- **EXERCISE PROMPT**
The required output is the lines of the listing from the beginning through the line containing "14x14m: 1 middenpaal, rond", each copied exactly, without any pictures.

[[ DATA EXTRACTS open ]]

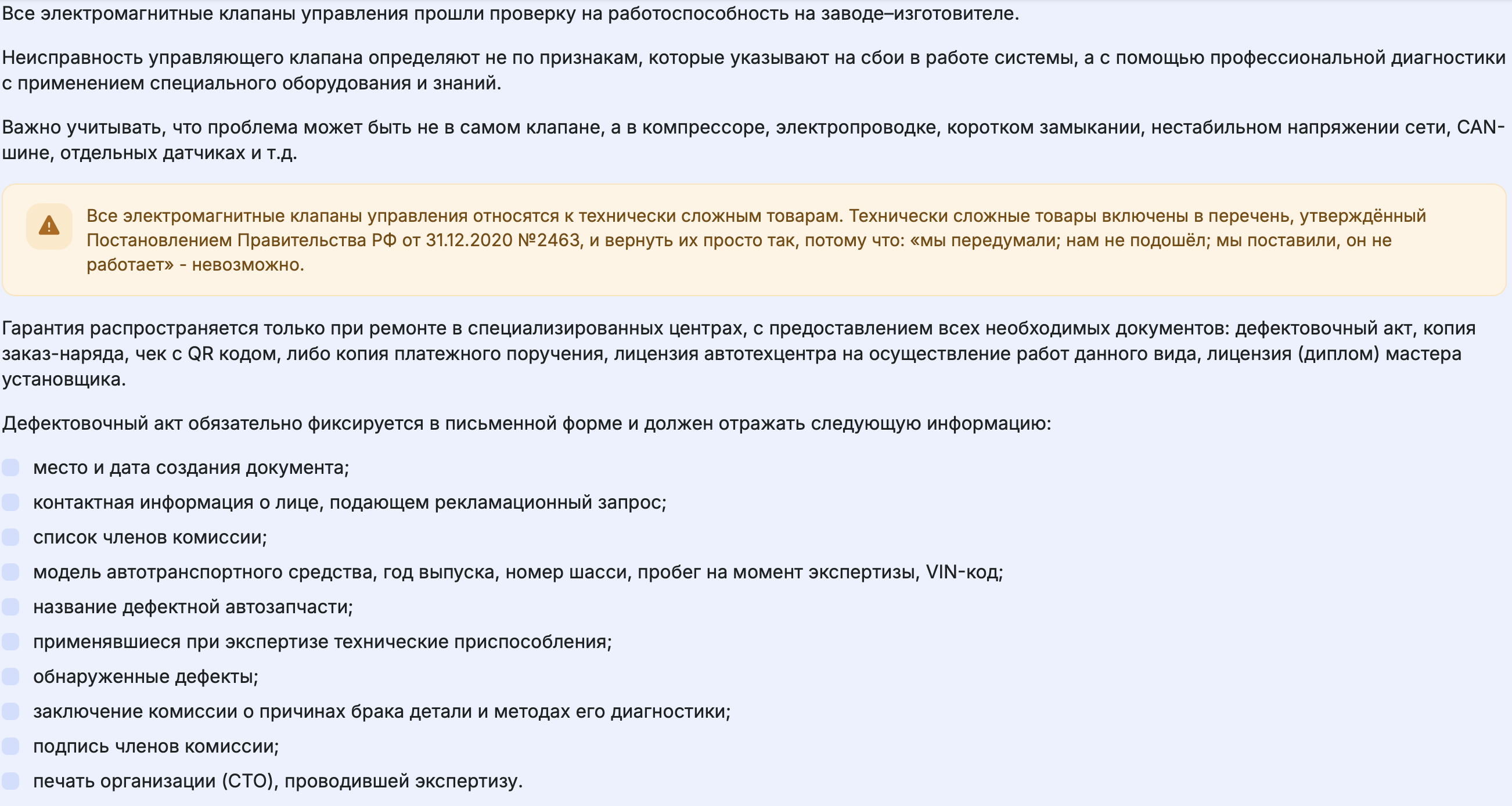 • неисправности Товара, применяемого в системе кондиционирования автотранспортного средства, вследствие использования некачественного фреона и масел.
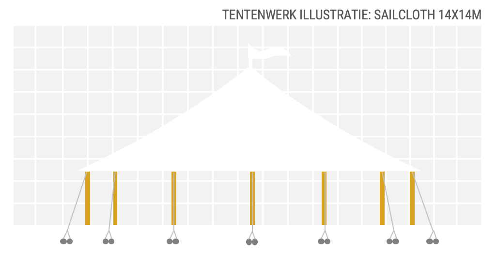 14x14m: 1 middenpaal, rond model, +/- 120 gasten (zittend), 141m2 oppervlakte, 164m2 vloer (optioneel), 14 zijwanden (optioneel)
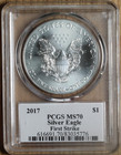 2017 Silver American Eagle $1 Pcgs Ms70 - First Strike Absolutely Gorgeous Coin!
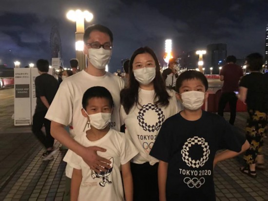 居住在日本的中國家庭身著奧運紀念T恤,前往“夢之大橋”觀看圣火臺。李沐航攝
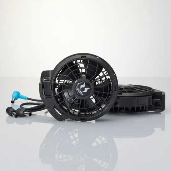 最大風量約6.0㎥/minを実現した24V仕様の高出力フラットファンセットです。フラット形状によりウェア内にすっきり収まり 衣服のシルエットを崩しにくい設計。24V駆動ならではの圧倒的な送風力で 猛暑環境下の作業を強力にサポートします。
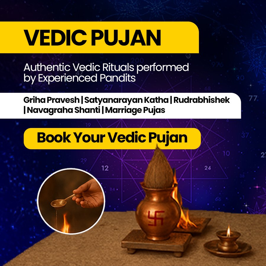 Performed by learned Vedic priests, these pujas invoke the grace of deities, cosmic forces, and planetary energies to ensure peace, prosperity, protection, and success. Vedic Pujan can be performed for personal well-being, family harmony, financial growth, health, and spiritual upliftment, and is considered highly beneficial for those experiencing life obstacles, negative energies, or planetary doshas.
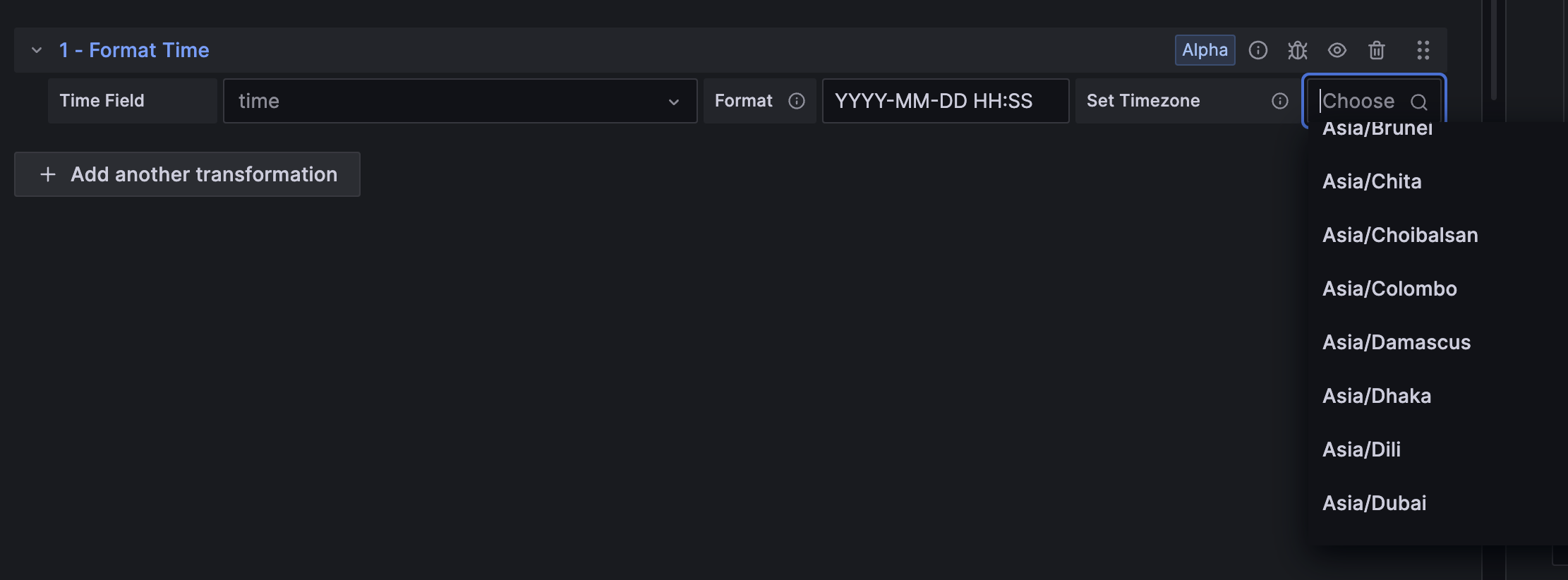 We’ve added support for setting timezones manually when formatting times as strings using the Format time and Convert field type transformations. This allows times to be formatted relative to any timezone across the globe.
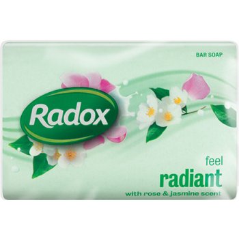 Radox Feel radiant bar soap. A soap and cleansing bar with rose & jasmine scent. Radox bar soap and bar of soap keeps your hands feeling clean and refreshed. Radox Feel Radiant with Rose & Jasmine Scent Bar Soap 125g. A rose garden in midsummer, trellises heavy with fragrant blooms.
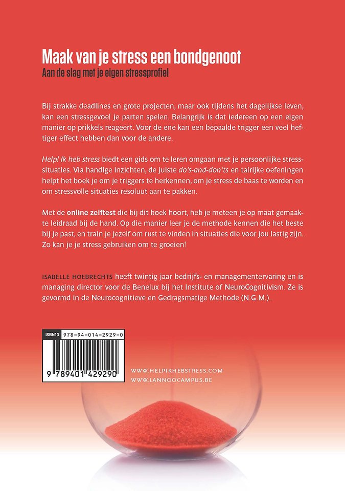Help! Ik heb stress biedt een gids om te leren omgaan met je persoonlijke stresssituaties. Via handige inzichten, de juiste do's-and-don'ts en talrijke oefeningen helpt het boek je om je triggers te herkennen, om je stress de baas te worden en om stressvolle situaties resoluut aan te pakken.
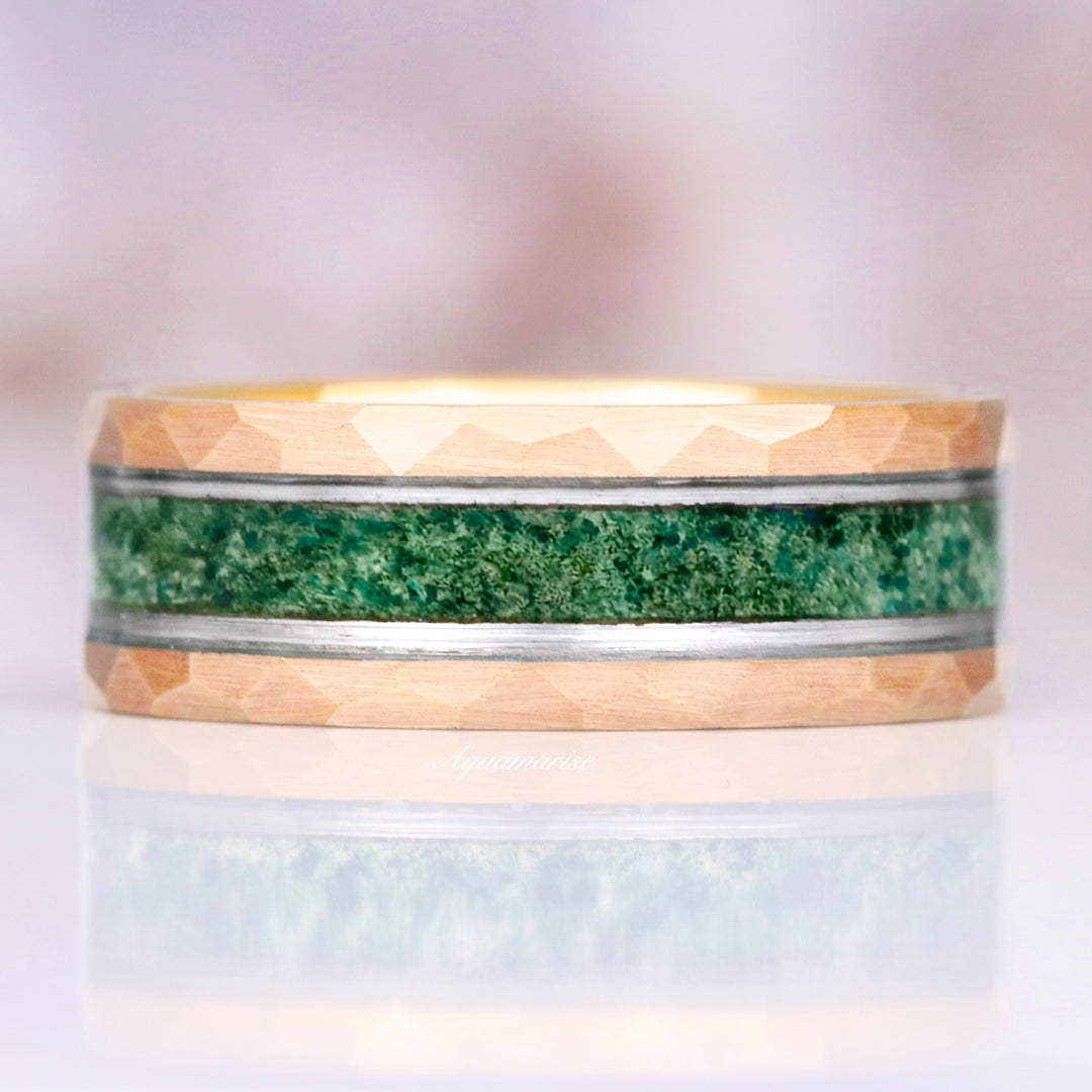 Moss Agate Wedding Band- 8MM Tungsten
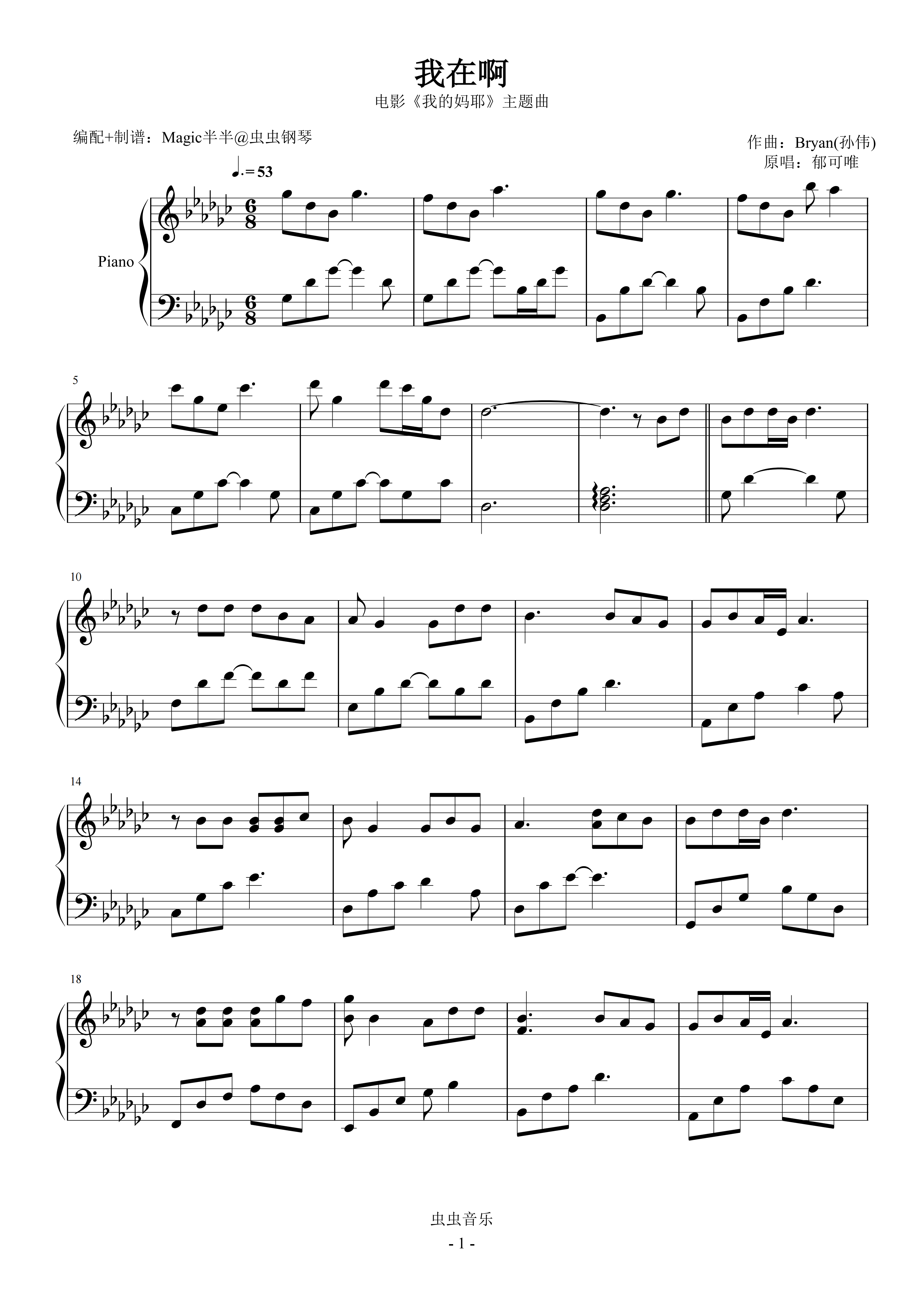 钢琴谱:我在啊(实用完整版/降G) <我的妈耶>电影主题曲
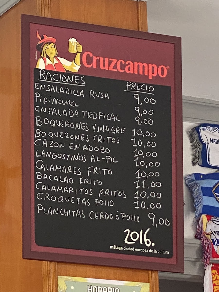 The menu at Cafeteria Marco y Fatima focuses primarily on traditional Spanish tapas, offering a variety of small plates suitable for sharing or light meals. In addition to tapas, the menu includes options for breakfast (desayuno), sandwiches, and a selection of main dishes available in full portion sizes. Beverages typically include coffee, wine, and other drinks that complement the light food offerings.
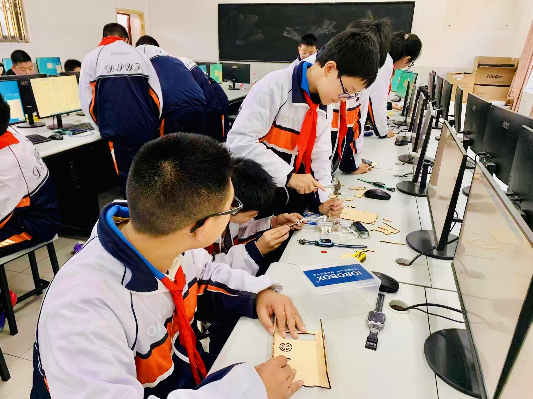 在“智能電話”制作實踐環(huán)節(jié),學生們在科技輔導員的帶領下,分組開展硬件組裝、程序編寫與功能調試等實操任務。通過完整的項目體驗,同學們不僅加深了對科技理論的理解,更鍛煉了動手能力、團隊協(xié)作能力和實際問題解決能力。現(xiàn)場互動頻繁,氣氛活躍。
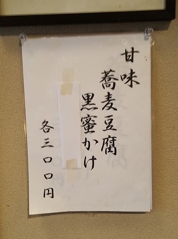 壁に蕎麦豆腐黒蜜かけというメニューが貼ってあった。
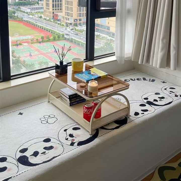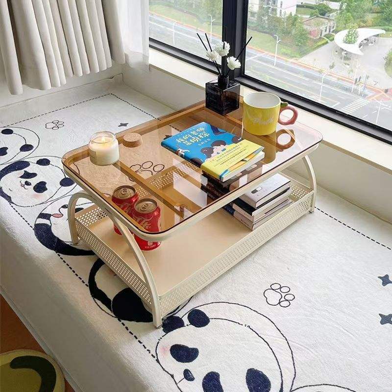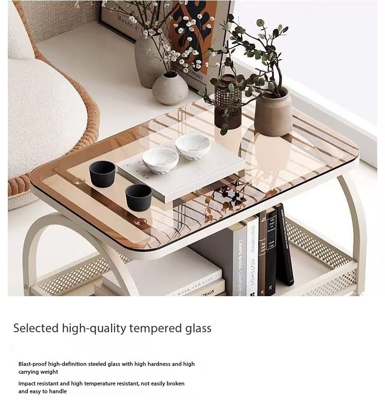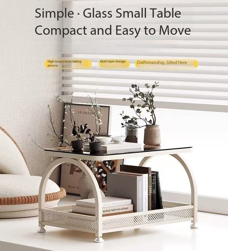 Table basse moderne en verre trempé pour baie vitrée avec étagère de rangement pour salon et balcon
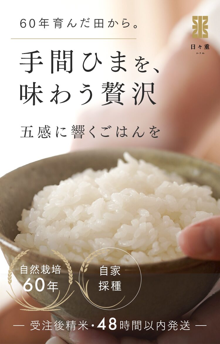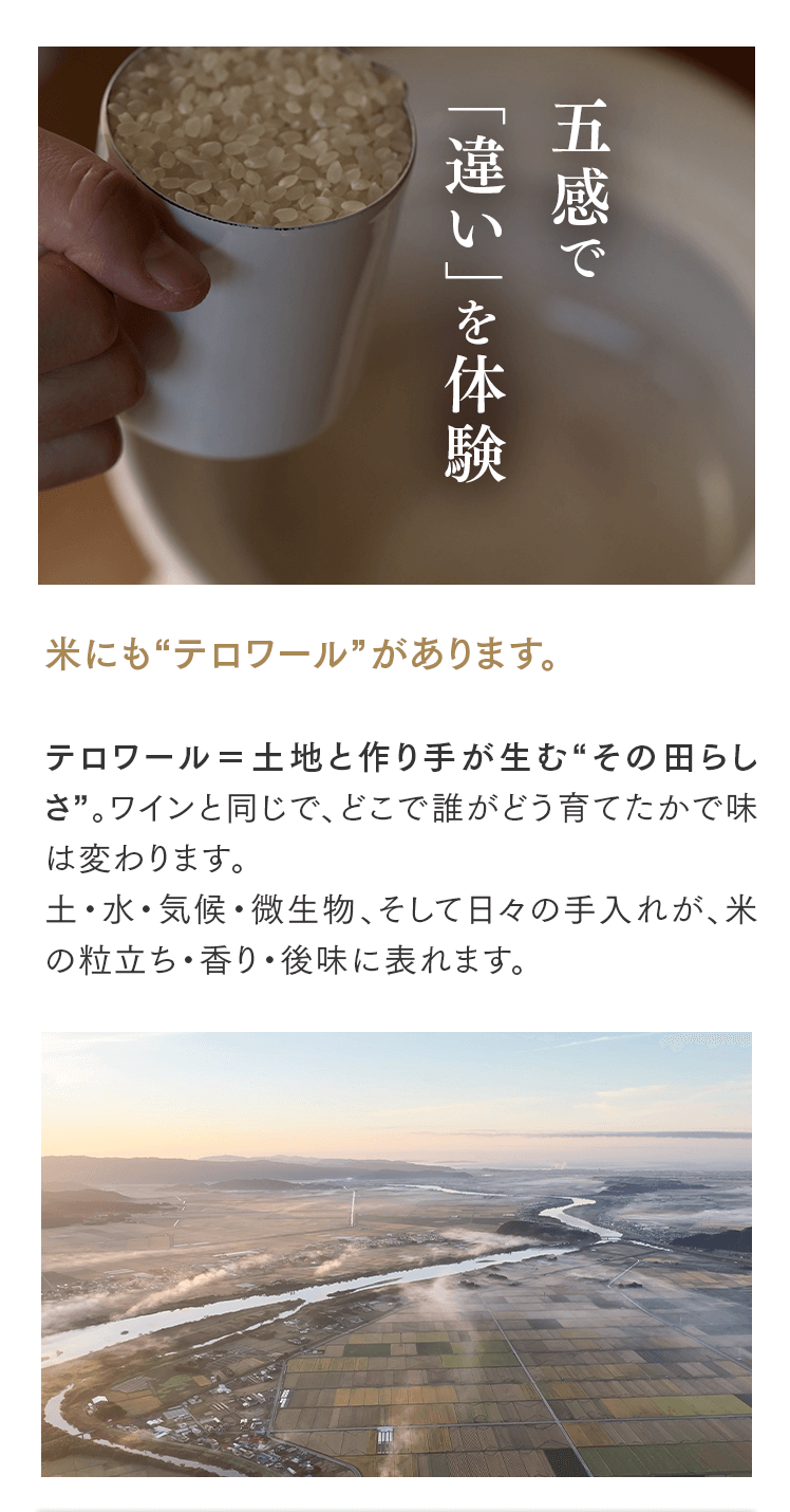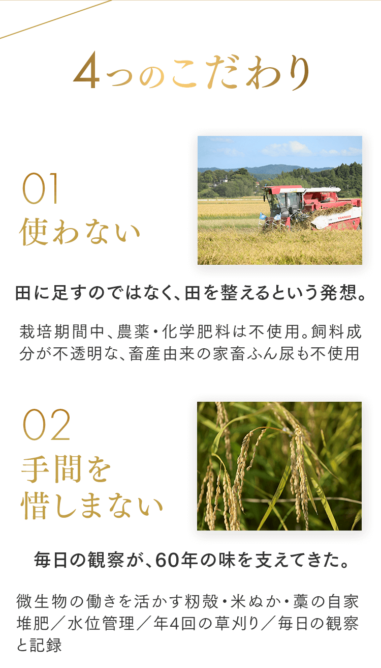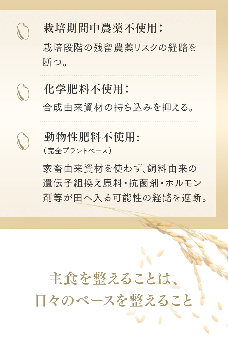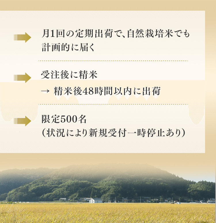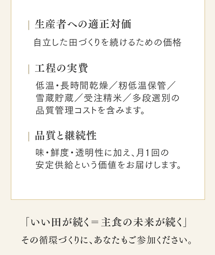 まずは5㎏で体験する → 月500名の今月枠を確保する → まずは5㎏で体験する → 月500名の今月枠を確保する → FAQ Q. スキップできますか? A. 可能です。出荷予定日の8日前 23:59までにフォーム申請。期限後は対応できません。 Q. 解約はむずかしい? A. フォーム1枚で完了。出荷予定日の8日前 23:59までに申請ください。 Q. 配送はいつ? A. 受注後に精米し、精米後48時間以内に出荷。お届けは月1回の出荷スケジュールに沿って手配します。 Q. どこから届きますか? A. 生産者指定ロットを有機JAS小分け認証の精米工場で受注精米後に出荷します。 Q. 保存方法は? A. お米は生鮮食品です。開封後は涼所保管。高温期は密閉容器+冷蔵を推奨します。 Q. 品種は選べますか? A. 原則「今月の品種」をお届けします(白米/玄米は選択可)。同一収穫年の単一品種で、ブレンドは行いません。天候・在庫により変更となる場合があります。 Q. 肥料は何を使っていますか? A. 動物性由来不使用(プラントベース)。籾殻・米ぬか・藁など植物由来の資材で自家堆肥を仕込み、微生物の働きを活かしています。 Q. 価格の理由を教えてください A. 共同出荷や公的補助に依存しない独立経営の田からお届けしています。生産者へは適正な対価を、工程では低温保管・受注精米・多段選別などの実費をかけ、その分を正直に反映しています。良い田を未来へつなぐための循環の価格です。 重ねた時間を、今日の一膳へ まずは5㎏で体験する →

[[ DATA EXTRACTS closed ]]

- **SOLUTION**
 • неисправности Товара, применяемого в системе кондиционирования автотранспортного средства, вследствие использования некачественного фреона и масел.
 14x14m: 1 middenpaal, rond model, +/- 120 gasten (zittend), 141m2 oppervlakte, 164m2 vloer (optioneel), 14 zijwanden (optioneel)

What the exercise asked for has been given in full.